#### [Your goal]
From the first line of the data below through the line holding "材质:吊坠托为925银;铃兰花为天然的高冰玉料,手工立体雕刻。", write out each line exactly as it stands.

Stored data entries

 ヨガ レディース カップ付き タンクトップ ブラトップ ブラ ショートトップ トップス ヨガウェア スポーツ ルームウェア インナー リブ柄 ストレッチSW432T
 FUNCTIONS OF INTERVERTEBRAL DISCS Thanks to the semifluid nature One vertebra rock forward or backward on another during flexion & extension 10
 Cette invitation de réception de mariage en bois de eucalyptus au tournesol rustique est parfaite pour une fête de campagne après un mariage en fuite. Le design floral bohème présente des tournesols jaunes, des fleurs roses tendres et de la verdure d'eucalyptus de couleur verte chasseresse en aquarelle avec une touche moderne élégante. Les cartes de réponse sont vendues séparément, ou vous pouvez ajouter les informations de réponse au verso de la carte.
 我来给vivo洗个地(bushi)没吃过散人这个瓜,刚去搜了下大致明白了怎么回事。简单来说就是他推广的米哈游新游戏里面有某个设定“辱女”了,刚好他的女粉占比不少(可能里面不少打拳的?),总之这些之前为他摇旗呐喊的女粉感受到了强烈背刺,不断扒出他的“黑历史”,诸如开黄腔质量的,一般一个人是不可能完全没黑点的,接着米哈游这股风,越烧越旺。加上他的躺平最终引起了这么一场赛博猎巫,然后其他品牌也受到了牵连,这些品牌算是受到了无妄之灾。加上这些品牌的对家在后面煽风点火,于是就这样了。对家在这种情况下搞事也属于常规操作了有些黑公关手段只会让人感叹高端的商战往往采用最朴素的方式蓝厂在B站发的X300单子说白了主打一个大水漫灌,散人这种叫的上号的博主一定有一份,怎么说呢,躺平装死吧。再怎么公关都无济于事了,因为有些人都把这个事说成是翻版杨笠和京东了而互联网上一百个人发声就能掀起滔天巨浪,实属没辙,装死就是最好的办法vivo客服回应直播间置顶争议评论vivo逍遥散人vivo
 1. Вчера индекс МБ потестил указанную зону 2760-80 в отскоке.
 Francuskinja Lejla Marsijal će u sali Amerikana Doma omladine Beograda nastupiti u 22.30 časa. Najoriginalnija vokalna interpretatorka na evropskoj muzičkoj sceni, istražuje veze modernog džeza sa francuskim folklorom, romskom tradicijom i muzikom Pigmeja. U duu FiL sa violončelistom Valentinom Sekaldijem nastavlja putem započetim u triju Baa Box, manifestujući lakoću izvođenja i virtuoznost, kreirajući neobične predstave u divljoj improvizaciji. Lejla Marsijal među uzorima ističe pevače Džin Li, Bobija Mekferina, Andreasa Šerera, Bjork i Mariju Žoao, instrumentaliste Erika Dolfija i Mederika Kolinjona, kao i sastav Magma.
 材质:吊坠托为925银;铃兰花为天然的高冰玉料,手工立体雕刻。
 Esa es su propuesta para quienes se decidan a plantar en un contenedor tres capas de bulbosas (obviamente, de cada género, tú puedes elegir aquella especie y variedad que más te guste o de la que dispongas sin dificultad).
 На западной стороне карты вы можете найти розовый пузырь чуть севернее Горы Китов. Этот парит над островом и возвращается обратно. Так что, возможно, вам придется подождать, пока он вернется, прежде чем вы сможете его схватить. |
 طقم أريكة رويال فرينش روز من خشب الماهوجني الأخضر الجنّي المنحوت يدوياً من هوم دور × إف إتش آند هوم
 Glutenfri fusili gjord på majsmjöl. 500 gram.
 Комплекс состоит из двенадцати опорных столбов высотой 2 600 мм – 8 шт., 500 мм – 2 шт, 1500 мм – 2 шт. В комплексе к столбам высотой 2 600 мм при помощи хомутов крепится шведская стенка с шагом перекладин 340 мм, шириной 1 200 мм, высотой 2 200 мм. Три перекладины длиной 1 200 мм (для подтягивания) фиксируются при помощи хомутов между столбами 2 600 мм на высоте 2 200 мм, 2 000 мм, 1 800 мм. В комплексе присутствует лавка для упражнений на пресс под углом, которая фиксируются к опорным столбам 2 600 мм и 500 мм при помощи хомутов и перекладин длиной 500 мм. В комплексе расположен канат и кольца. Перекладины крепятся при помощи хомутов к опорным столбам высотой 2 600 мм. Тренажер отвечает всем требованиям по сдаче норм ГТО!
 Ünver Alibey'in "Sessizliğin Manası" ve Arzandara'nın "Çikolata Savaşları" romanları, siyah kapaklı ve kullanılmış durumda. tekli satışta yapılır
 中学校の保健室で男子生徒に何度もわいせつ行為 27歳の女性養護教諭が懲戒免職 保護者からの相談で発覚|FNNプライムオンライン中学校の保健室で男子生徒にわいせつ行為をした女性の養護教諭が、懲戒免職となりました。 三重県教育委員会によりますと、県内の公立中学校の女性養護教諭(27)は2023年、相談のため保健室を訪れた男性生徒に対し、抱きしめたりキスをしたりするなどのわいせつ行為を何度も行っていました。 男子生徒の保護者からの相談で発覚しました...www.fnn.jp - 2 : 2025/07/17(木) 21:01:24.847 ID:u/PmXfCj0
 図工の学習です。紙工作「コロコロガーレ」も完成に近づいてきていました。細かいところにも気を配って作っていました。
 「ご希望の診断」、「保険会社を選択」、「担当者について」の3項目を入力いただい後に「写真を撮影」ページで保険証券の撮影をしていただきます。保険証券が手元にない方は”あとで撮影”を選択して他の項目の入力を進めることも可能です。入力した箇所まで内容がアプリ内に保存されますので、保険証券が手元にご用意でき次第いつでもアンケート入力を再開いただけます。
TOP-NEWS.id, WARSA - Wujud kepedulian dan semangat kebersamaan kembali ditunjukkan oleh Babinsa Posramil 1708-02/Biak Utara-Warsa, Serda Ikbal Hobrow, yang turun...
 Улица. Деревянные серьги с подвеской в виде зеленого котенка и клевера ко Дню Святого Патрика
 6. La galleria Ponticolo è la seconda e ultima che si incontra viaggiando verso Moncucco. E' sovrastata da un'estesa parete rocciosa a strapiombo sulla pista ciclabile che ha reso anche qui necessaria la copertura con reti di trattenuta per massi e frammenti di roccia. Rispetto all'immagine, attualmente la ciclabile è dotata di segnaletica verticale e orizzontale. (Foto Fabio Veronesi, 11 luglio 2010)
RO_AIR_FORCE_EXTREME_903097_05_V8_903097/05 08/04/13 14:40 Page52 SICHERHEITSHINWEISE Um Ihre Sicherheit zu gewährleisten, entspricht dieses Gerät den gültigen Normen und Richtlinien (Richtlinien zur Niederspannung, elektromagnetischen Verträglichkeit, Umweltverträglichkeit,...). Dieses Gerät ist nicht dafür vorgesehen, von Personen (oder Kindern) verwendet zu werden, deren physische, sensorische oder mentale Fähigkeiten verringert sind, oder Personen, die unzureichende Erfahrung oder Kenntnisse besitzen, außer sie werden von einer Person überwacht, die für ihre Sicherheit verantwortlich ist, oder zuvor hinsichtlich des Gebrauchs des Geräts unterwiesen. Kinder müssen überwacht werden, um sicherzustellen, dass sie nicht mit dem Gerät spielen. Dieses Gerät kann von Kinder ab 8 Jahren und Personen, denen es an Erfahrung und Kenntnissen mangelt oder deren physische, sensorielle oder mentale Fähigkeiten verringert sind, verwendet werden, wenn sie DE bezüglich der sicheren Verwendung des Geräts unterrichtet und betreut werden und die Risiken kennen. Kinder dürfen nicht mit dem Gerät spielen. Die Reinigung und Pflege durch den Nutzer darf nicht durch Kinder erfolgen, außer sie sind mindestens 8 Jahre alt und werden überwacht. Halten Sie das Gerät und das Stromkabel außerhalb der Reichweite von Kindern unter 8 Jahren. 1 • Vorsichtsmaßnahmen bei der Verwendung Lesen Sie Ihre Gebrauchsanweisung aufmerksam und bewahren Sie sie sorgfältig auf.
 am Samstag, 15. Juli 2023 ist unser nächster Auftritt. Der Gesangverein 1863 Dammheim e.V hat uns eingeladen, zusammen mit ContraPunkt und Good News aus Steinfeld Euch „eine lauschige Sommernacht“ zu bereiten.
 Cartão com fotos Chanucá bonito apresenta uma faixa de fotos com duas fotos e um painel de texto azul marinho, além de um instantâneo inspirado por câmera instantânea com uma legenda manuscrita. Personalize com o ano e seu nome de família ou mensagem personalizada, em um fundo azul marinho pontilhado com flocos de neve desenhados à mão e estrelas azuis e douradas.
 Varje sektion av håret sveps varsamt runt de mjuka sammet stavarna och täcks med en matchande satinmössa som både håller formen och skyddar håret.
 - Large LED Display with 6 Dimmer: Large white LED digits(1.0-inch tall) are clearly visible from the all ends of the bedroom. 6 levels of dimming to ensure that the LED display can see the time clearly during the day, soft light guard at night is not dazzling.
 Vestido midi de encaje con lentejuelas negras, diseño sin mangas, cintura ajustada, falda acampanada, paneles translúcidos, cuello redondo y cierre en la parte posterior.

#### [Solution for this exercise]
 ヨガ レディース カップ付き タンクトップ ブラトップ ブラ ショートトップ トップス ヨガウェア スポーツ ルームウェア インナー リブ柄 ストレッチSW432T
 FUNCTIONS OF INTERVERTEBRAL DISCS Thanks to the semifluid nature One vertebra rock forward or backward on another during flexion & extension 10
 Cette invitation de réception de mariage en bois de eucalyptus au tournesol rustique est parfaite pour une fête de campagne après un mariage en fuite. Le design floral bohème présente des tournesols jaunes, des fleurs roses tendres et de la verdure d'eucalyptus de couleur verte chasseresse en aquarelle avec une touche moderne élégante. Les cartes de réponse sont vendues séparément, ou vous pouvez ajouter les informations de réponse au verso de la carte.
 我来给vivo洗个地(bushi)没吃过散人这个瓜,刚去搜了下大致明白了怎么回事。简单来说就是他推广的米哈游新游戏里面有某个设定“辱女”了,刚好他的女粉占比不少(可能里面不少打拳的?),总之这些之前为他摇旗呐喊的女粉感受到了强烈背刺,不断扒出他的“黑历史”,诸如开黄腔质量的,一般一个人是不可能完全没黑点的,接着米哈游这股风,越烧越旺。加上他的躺平最终引起了这么一场赛博猎巫,然后其他品牌也受到了牵连,这些品牌算是受到了无妄之灾。加上这些品牌的对家在后面煽风点火,于是就这样了。对家在这种情况下搞事也属于常规操作了有些黑公关手段只会让人感叹高端的商战往往采用最朴素的方式蓝厂在B站发的X300单子说白了主打一个大水漫灌,散人这种叫的上号的博主一定有一份,怎么说呢,躺平装死吧。再怎么公关都无济于事了,因为有些人都把这个事说成是翻版杨笠和京东了而互联网上一百个人发声就能掀起滔天巨浪,实属没辙,装死就是最好的办法vivo客服回应直播间置顶争议评论vivo逍遥散人vivo
 1. Вчера индекс МБ потестил указанную зону 2760-80 в отскоке.
 Francuskinja Lejla Marsijal će u sali Amerikana Doma omladine Beograda nastupiti u 22.30 časa. Najoriginalnija vokalna interpretatorka na evropskoj muzičkoj sceni, istražuje veze modernog džeza sa francuskim folklorom, romskom tradicijom i muzikom Pigmeja. U duu FiL sa violončelistom Valentinom Sekaldijem nastavlja putem započetim u triju Baa Box, manifestujući lakoću izvođenja i virtuoznost, kreirajući neobične predstave u divljoj improvizaciji. Lejla Marsijal među uzorima ističe pevače Džin Li, Bobija Mekferina, Andreasa Šerera, Bjork i Mariju Žoao, instrumentaliste Erika Dolfija i Mederika Kolinjona, kao i sastav Magma.
 材质:吊坠托为925银;铃兰花为天然的高冰玉料,手工立体雕刻。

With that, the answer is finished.